CVE-2024-2345 is a stored Cross-Site Scripting (XSS) vulnerability classified under CWE-80, found in the FileBird – WordPress Media Library Folders & File Manager plugin developed by ninjateam. This vulnerability exists in all versions up to and including 5.6.3 due to improper neutralization of script-related HTML tags in the folder name parameter. The root cause is insufficient input sanitization and output escaping, which allows an authenticated attacker with author-level or higher privileges to inject arbitrary JavaScript code into folder names. When any user accesses a page displaying the malicious folder name, the injected script executes in their browser context. This can lead to theft of session cookies, unauthorized actions on behalf of users, or further compromise of the WordPress site. The vulnerability requires authentication but no user interaction beyond viewing the affected page. The CVSS v3.1 score of 6.4 reflects a medium severity with network attack vector, low attack complexity, privileges required, no user interaction, and partial impact on confidentiality and integrity but no impact on availability. No public exploits have been reported yet, but the vulnerability is publicly disclosed and should be considered a credible risk. The vulnerability affects a widely used WordPress plugin that organizes media folders, making it relevant for many websites relying on WordPress for content management.

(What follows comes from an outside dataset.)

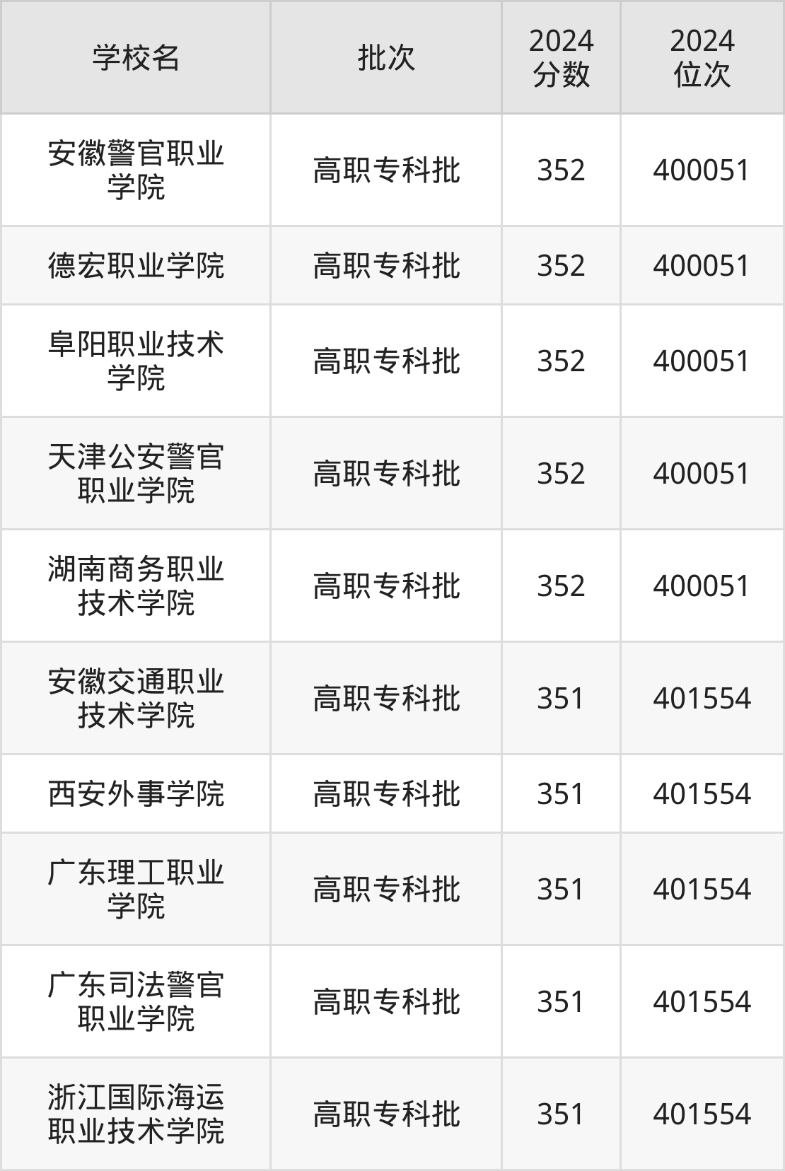 2024年河南高考理科351分(400053名~401555名)能上的大学有西安外事学院、广东理工职业学院、广东司法警官职业学院、安徽交通职业技术学院等。
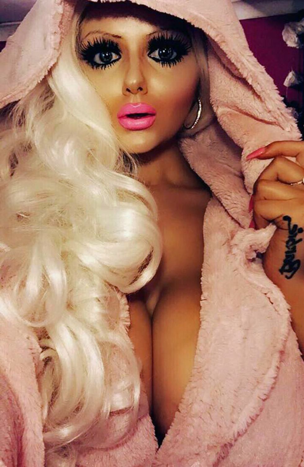 Growing up, she was always a fan of the Barbie-doll look, deciding to bleach her naturally dark locks when she was around 16.

For European organizations, this vulnerability poses a moderate risk primarily to websites using the FileBird plugin for WordPress. Exploitation could allow attackers to execute malicious scripts in the context of legitimate users, potentially leading to session hijacking, unauthorized content changes, or privilege escalation within the WordPress environment. This can compromise the confidentiality and integrity of website data and user information. Organizations with customer-facing websites, intranets, or portals using this plugin may face reputational damage, data leakage, or unauthorized administrative actions. Given the requirement for authenticated access at author level or higher, the threat is more significant in environments where multiple users have elevated permissions or where author accounts are less strictly controlled. The lack of known exploits in the wild reduces immediate risk but does not eliminate the threat, especially as the vulnerability is publicly known. European entities in sectors such as e-commerce, media, education, and government that rely on WordPress and this plugin are particularly at risk. Additionally, GDPR considerations mean that any data breach resulting from exploitation could lead to regulatory penalties.

1. Immediately update the FileBird plugin to a patched version once available from the vendor. Monitor ninjateam’s official channels for security updates. 2. Until a patch is released, restrict author-level and higher permissions to trusted users only, minimizing the number of accounts that can exploit this vulnerability. 3. Implement Web Application Firewall (WAF) rules to detect and block suspicious input patterns targeting the folder name parameter. 4. Conduct regular audits of folder names and other user-generated content for suspicious scripts or HTML tags. 5. Employ Content Security Policy (CSP) headers to limit the execution of unauthorized scripts in browsers. 6. Educate site administrators and content authors about the risks of injecting untrusted content and enforce strict input validation policies. 7. Monitor logs for unusual activity or access patterns indicative of exploitation attempts. 8. Consider isolating or sandboxing the WordPress environment to limit the impact of any successful exploit. 9. Review and tighten user role assignments and permissions within WordPress to follow the principle of least privilege. 10. Backup website data regularly to enable quick recovery if compromise occurs.